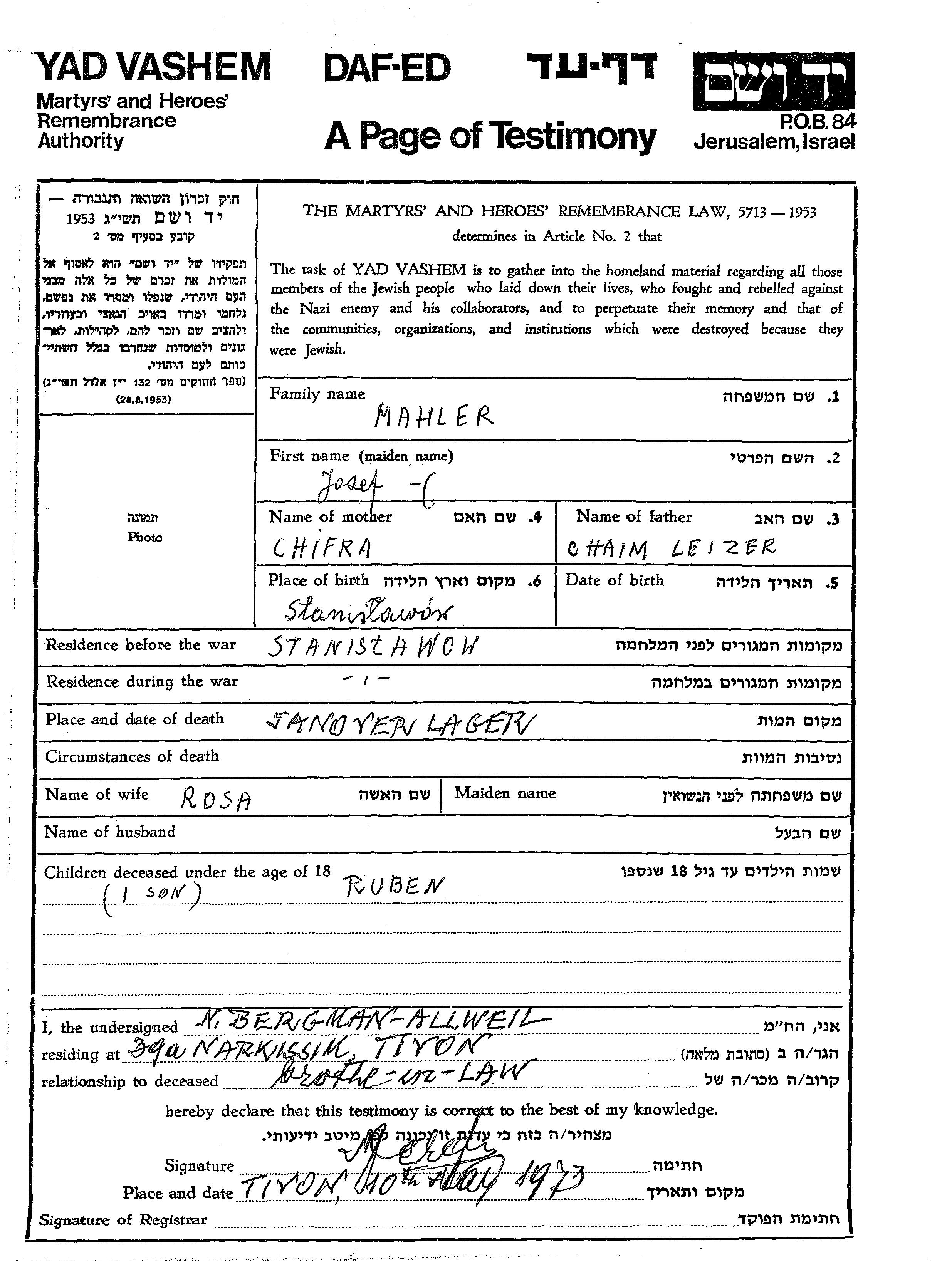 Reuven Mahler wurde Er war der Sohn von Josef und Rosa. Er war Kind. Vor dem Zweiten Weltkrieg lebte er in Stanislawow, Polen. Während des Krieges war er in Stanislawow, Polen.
...
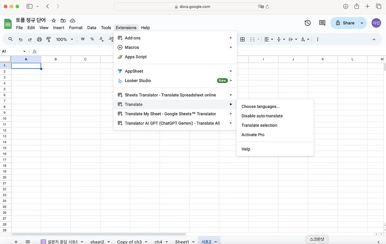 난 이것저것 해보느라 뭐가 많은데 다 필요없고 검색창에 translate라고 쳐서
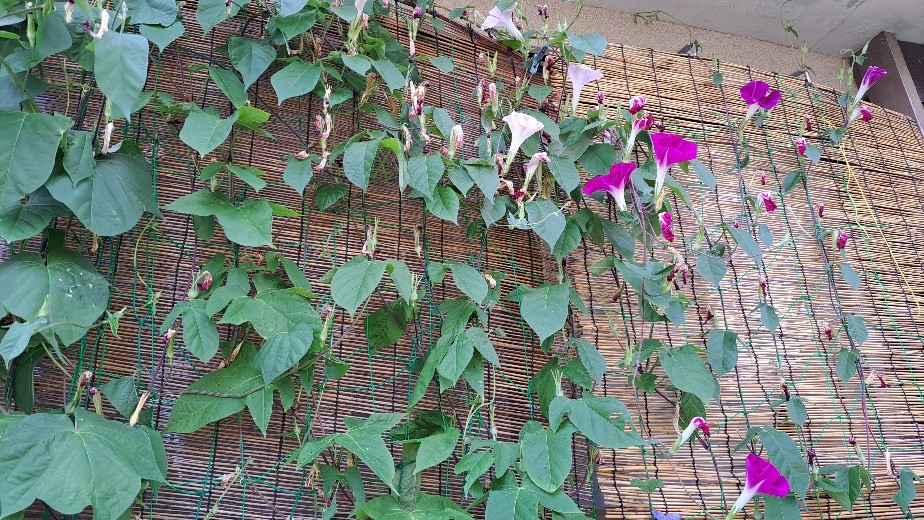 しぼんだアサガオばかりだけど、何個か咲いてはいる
--
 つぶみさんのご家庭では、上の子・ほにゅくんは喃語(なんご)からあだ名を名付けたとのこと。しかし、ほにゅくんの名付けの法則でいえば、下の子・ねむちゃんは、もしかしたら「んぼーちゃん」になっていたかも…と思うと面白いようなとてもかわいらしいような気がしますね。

• _EXERCISE DETAILS_: Excluding any pictures, print exactly the lines of the listing above from the line with "난 이것저것 해보느라" to the line with "しぼんだアサガオばかりだけど、何個か咲いてはいる", both ends included.

• _SOLVED EXERCISE_:
 난 이것저것 해보느라 뭐가 많은데 다 필요없고 검색창에 translate라고 쳐서
 しぼんだアサガオばかりだけど、何個か咲いてはいる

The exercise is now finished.